Luke's condition was treated within a matter of weeks of discovery.

As Babe noted, every time the doctors warned Luke that he may experience "this complication" from the latest procedure, it happened. Not once. Every single time something could potentially go wrong as a result of the latest rounds of punches to the face, it happened.

"Babe or (Luke's mother) Joan was up there at the hospital every night," said Babe's younger brother, John. "I guess it was about 90 days in there where it was absolute hell for him, and ... yeah, I guess I did go there (in thought) and did think that we might not see him again."

Luke, who walked on at Texas A&M to play tight end, was eventually reduced to 150 pounds.

Babe's former college coach at Indiana, current ESPN analyst Lee Corso, called and tried to have a conversation, but Luke was unable; ever the comedian, Corso said he couldn't talk either because he had a stroke.

Eventually, after approximately three months of near constant bone-smashing treatment, his condition improved.

Like most people, or families, who go through such prolonged periods of fear, when the stress begins to subside, there was no great celebration for the Laufenbergs. There was no champagne pop.

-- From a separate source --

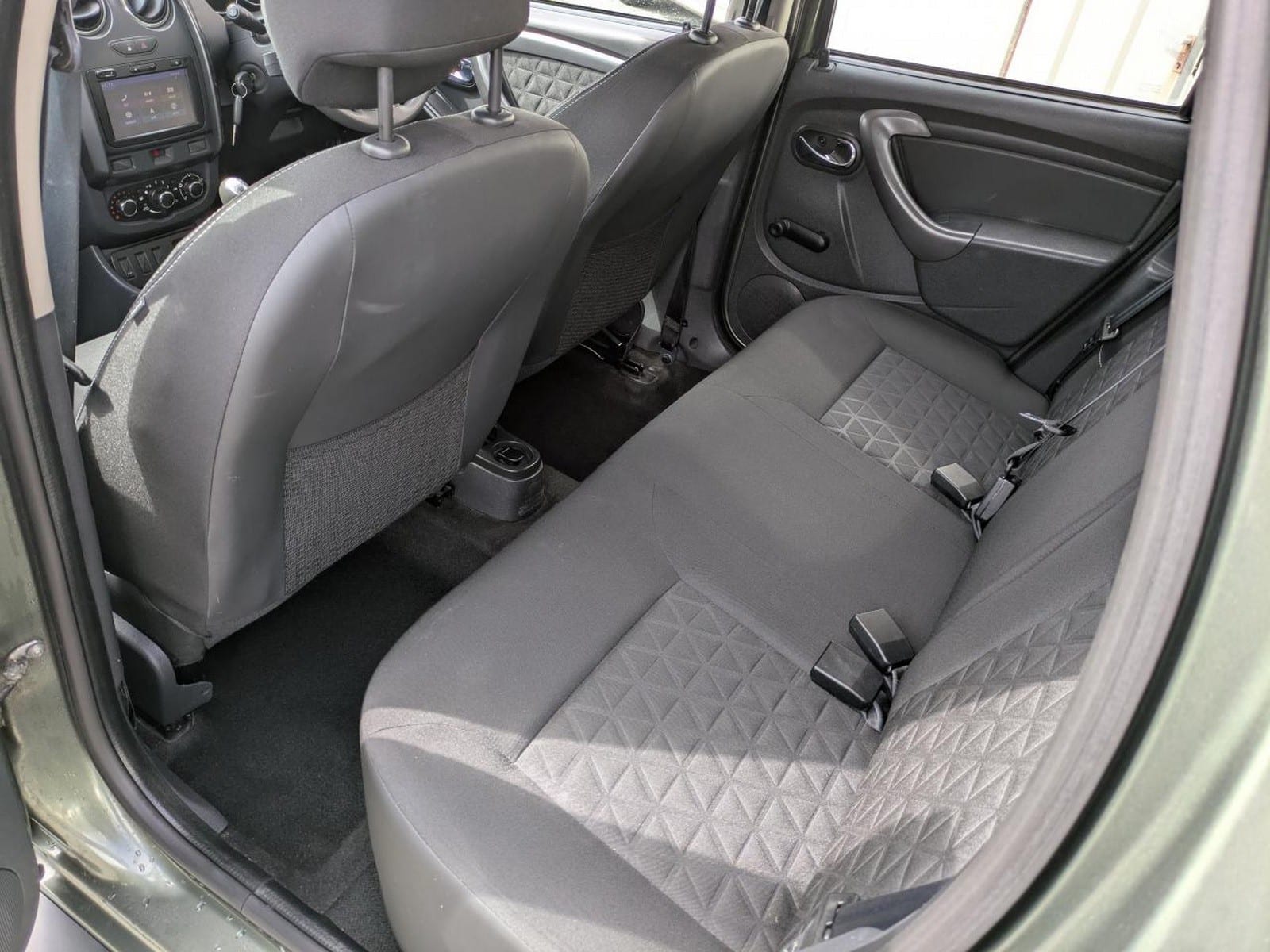 Côté moteur, le petit dCi de 85 chevaux prend sa tâche à cœur, s’en acquitte avec beaucoup de vaillance, mais montre ses limites. Il faut dire qu’avec deux personnes à bord, le Duster dépasse les treize cents kilos… Le moteur est bruyant à froid et à bas régime et se fait plus neutre en régime de croisière. Le freinage est assuré par des disques ventilés à l’avant et des tambours à l’arrière, économie oblige, et l’ensemble n’est pas pris en défaut. En conduite de nuit, les phares à double optiques assurent un éclairage de bon niveau, complété sur notre modèle d’essai par des antibrouillards à l’avant. Petit détail pour un véhicule qui se veut un peu baroudeur, il n’est pas équipé d’une boussole, ni d’un indicateur de température extérieure. A son bord, trouver la bonne position de conduite s’avère assez facile, avec un siège et un volant cuir réglables en hauteur. Les passagers arrière sont protégés des rayons de soleil trop inquisiteurs par des vitres latérales et arrière sur-teintées. Le coffre offre un volume de chargement très généreux, mais son seuil est haut. La roue de secours est située sous le plancher, assez loin et le pneu est protégé par un panneau en plastique.

No snapping of the finish line ribbon.

Just complete exhaustion.

There is the process of beginning to re-establish normal, and gratitude.

There's just life.

"For me, any activity I do with friends or family, getting outside of the house and not just watching Netflix, is a blast for me," said Luke, who plans to re-enter college in the spring intent on playing football. "For so long, I couldn't drink or eat. So seeing my friends or eating Mexican outside, it's something I no longer take for granted."

So the next time a friend or loved one is going through something similar, heed the words of Babe Laufenberg on how to console them.

"The best thing, as far as I was concerned, some people would text and say, 'There are no words,'" he said. "Because there were no words."